◆ The problem
In the entries that follow, repeat exactly the lines from the one that has "Night: didn’t see" through the one that has "KayTee, která pro", but omit pictures.

◆ Listed entries
====

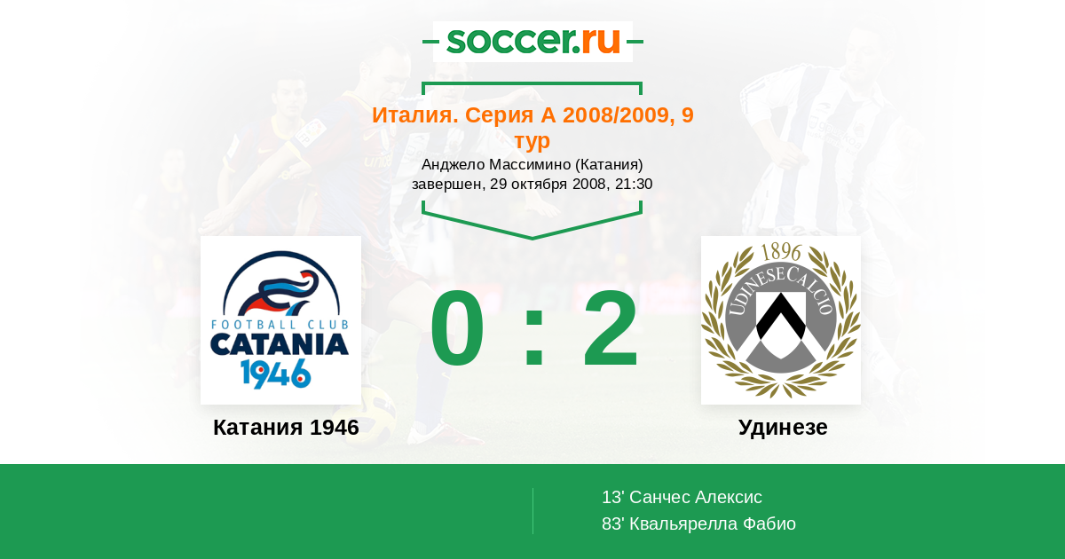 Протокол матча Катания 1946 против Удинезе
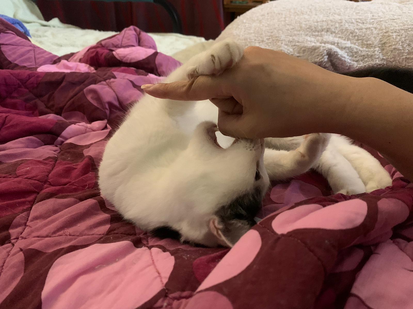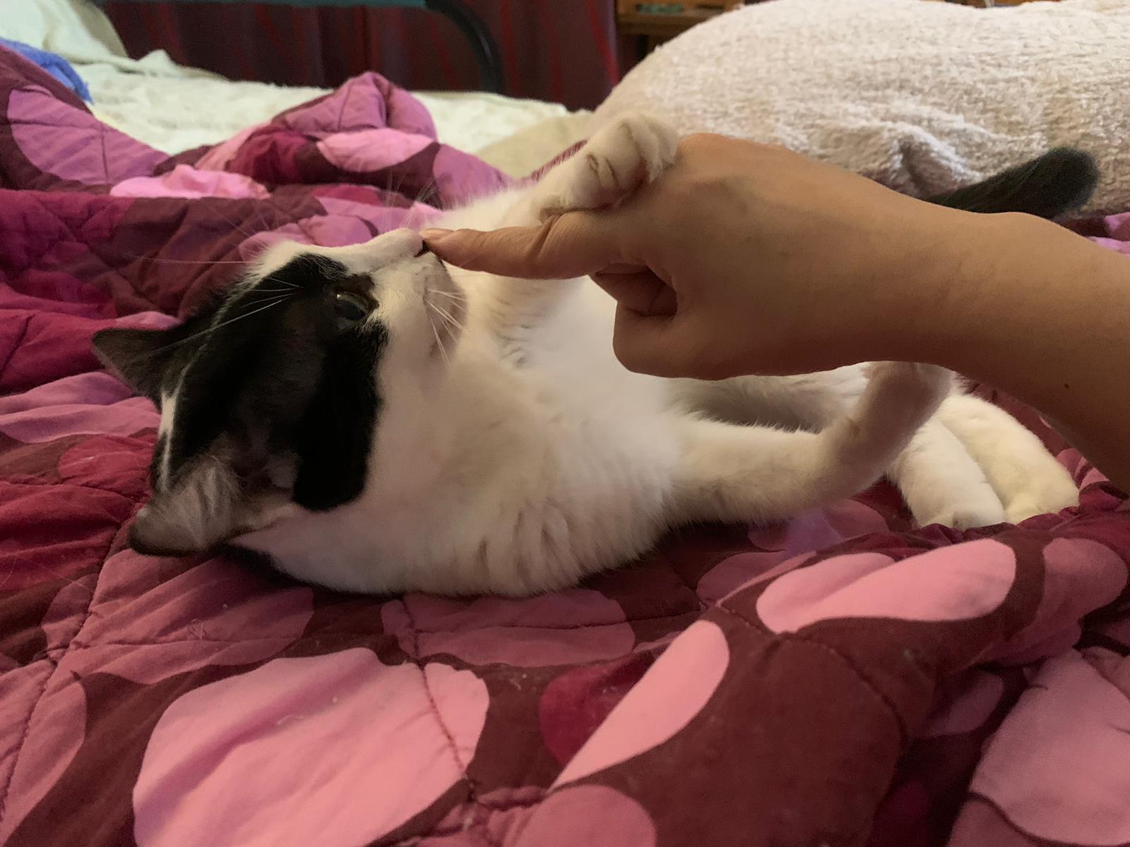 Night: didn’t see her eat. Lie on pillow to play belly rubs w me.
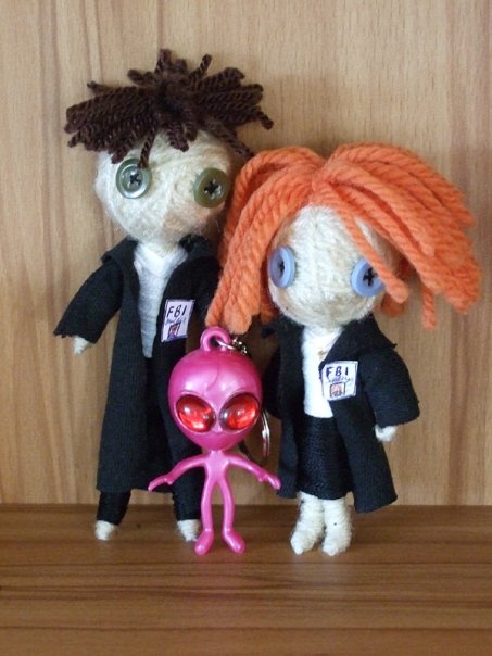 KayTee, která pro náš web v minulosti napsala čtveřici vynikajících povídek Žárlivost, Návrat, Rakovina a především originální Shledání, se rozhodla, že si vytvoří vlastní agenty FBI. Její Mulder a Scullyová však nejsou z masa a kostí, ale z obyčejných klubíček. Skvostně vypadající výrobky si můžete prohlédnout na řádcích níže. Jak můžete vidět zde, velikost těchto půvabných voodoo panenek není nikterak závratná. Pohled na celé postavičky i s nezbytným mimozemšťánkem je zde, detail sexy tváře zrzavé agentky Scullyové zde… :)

====

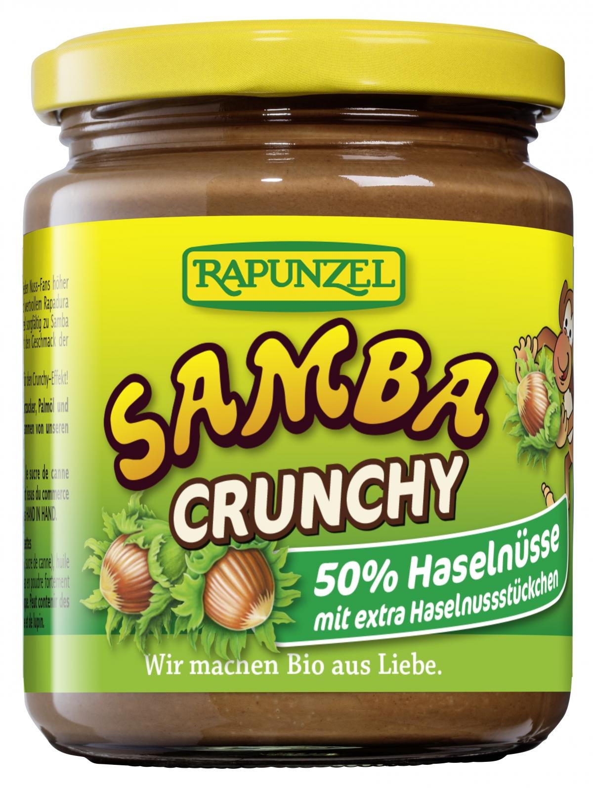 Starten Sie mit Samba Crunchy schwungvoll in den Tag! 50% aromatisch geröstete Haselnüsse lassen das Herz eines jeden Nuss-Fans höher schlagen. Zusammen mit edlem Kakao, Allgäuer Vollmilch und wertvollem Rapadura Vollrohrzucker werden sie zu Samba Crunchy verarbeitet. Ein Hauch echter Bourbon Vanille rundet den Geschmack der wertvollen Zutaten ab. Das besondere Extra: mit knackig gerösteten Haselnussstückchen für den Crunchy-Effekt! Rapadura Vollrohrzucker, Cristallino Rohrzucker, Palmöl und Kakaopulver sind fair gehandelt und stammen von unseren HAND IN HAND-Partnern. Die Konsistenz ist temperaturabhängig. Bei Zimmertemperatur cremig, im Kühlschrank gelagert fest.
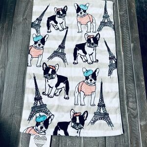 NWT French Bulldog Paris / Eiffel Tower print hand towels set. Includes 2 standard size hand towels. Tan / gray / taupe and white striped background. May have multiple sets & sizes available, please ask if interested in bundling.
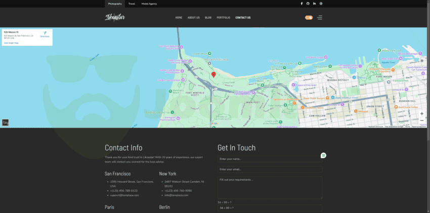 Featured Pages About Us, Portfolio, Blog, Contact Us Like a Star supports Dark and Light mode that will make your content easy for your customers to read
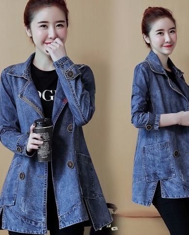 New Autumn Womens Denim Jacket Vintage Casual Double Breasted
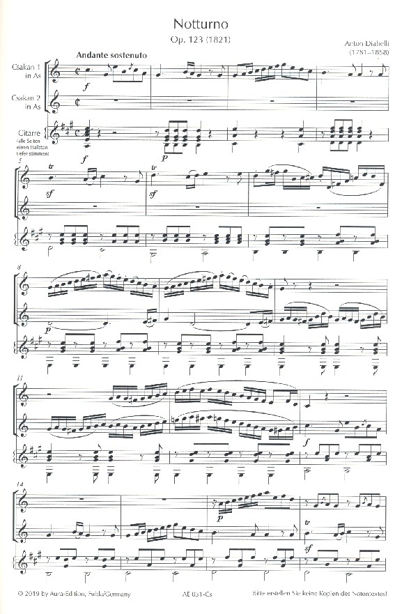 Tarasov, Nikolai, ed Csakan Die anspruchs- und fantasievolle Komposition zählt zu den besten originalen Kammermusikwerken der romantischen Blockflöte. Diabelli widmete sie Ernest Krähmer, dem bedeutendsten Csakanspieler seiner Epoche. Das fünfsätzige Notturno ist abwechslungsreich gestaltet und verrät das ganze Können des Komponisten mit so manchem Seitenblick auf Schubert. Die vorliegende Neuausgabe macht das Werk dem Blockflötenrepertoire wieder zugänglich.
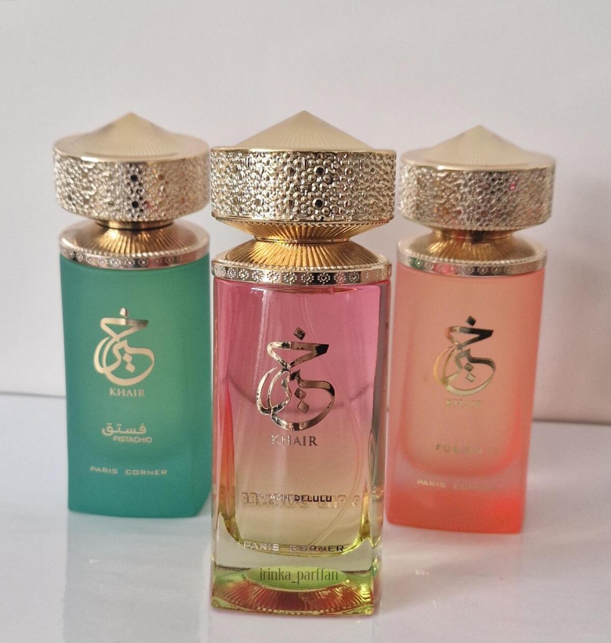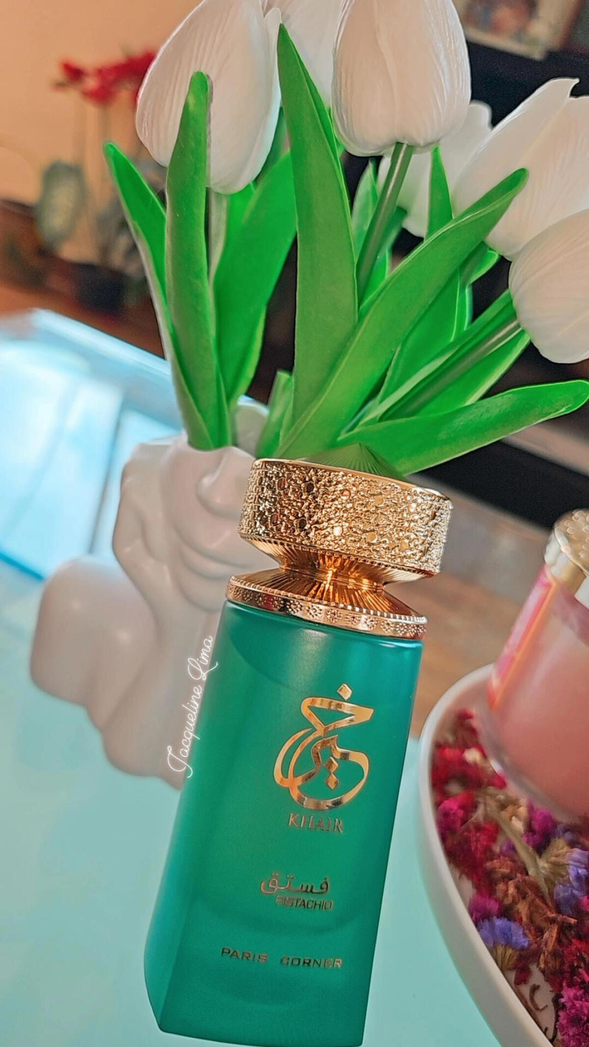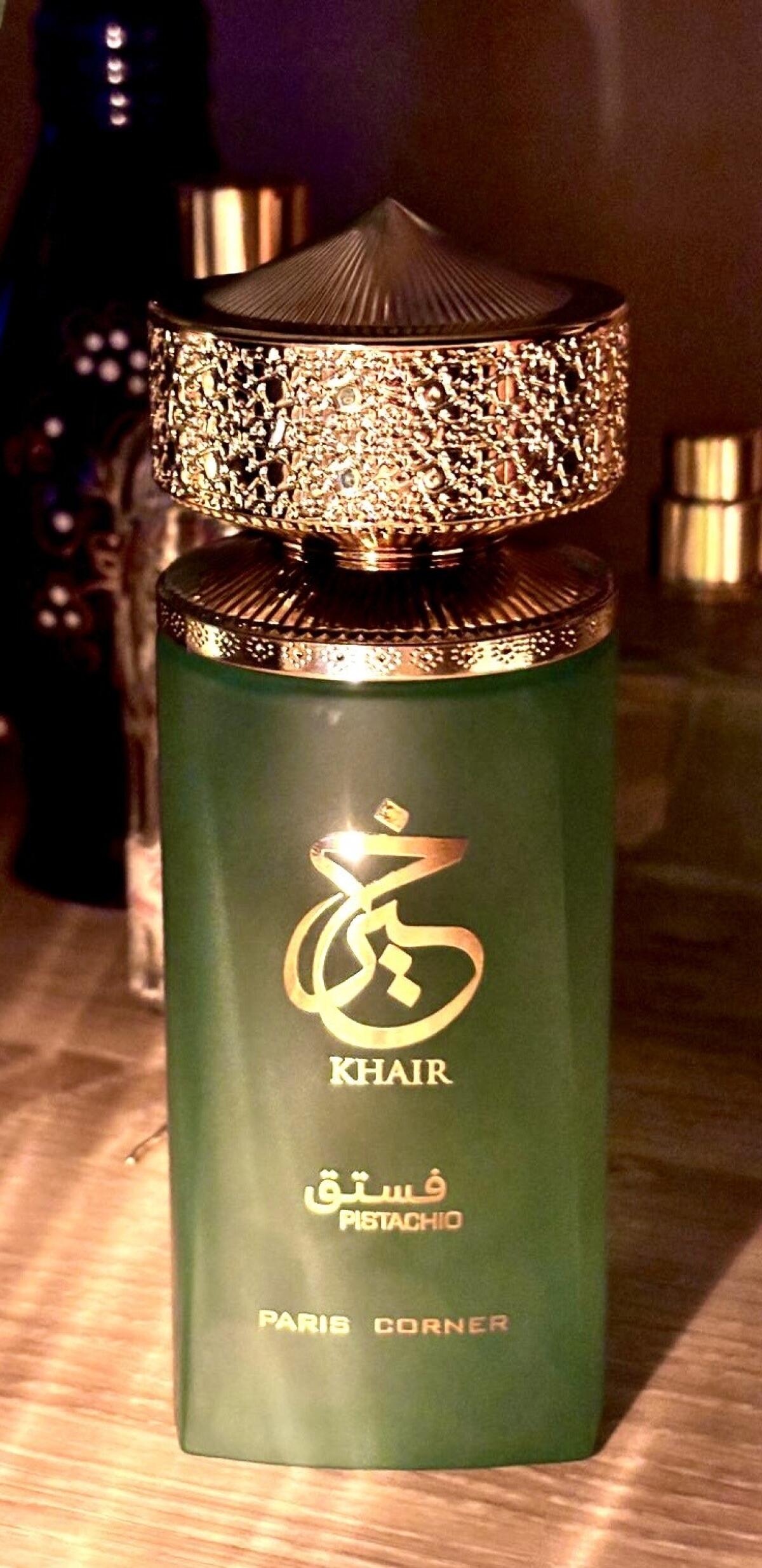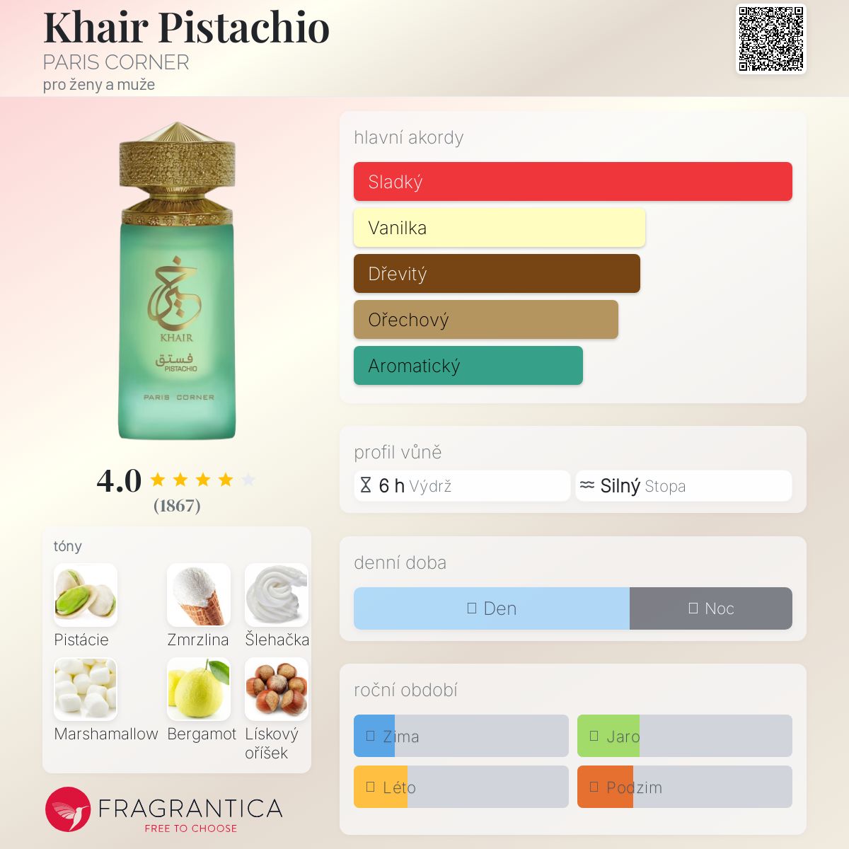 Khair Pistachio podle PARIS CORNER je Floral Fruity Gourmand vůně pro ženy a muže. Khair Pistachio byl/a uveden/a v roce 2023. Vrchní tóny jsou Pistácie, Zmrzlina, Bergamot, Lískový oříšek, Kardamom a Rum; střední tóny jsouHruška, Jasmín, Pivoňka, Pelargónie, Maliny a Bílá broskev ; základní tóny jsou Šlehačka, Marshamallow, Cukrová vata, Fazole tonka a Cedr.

====

◆ Problem solution
 Night: didn’t see her eat. Lie on pillow to play belly rubs w me.
 KayTee, která pro náš web v minulosti napsala čtveřici vynikajících povídek Žárlivost, Návrat, Rakovina a především originální Shledání, se rozhodla, že si vytvoří vlastní agenty FBI. Její Mulder a Scullyová však nejsou z masa a kostí, ale z obyčejných klubíček. Skvostně vypadající výrobky si můžete prohlédnout na řádcích níže. Jak můžete vidět zde, velikost těchto půvabných voodoo panenek není nikterak závratná. Pohled na celé postavičky i s nezbytným mimozemšťánkem je zde, detail sexy tváře zrzavé agentky Scullyové zde… :)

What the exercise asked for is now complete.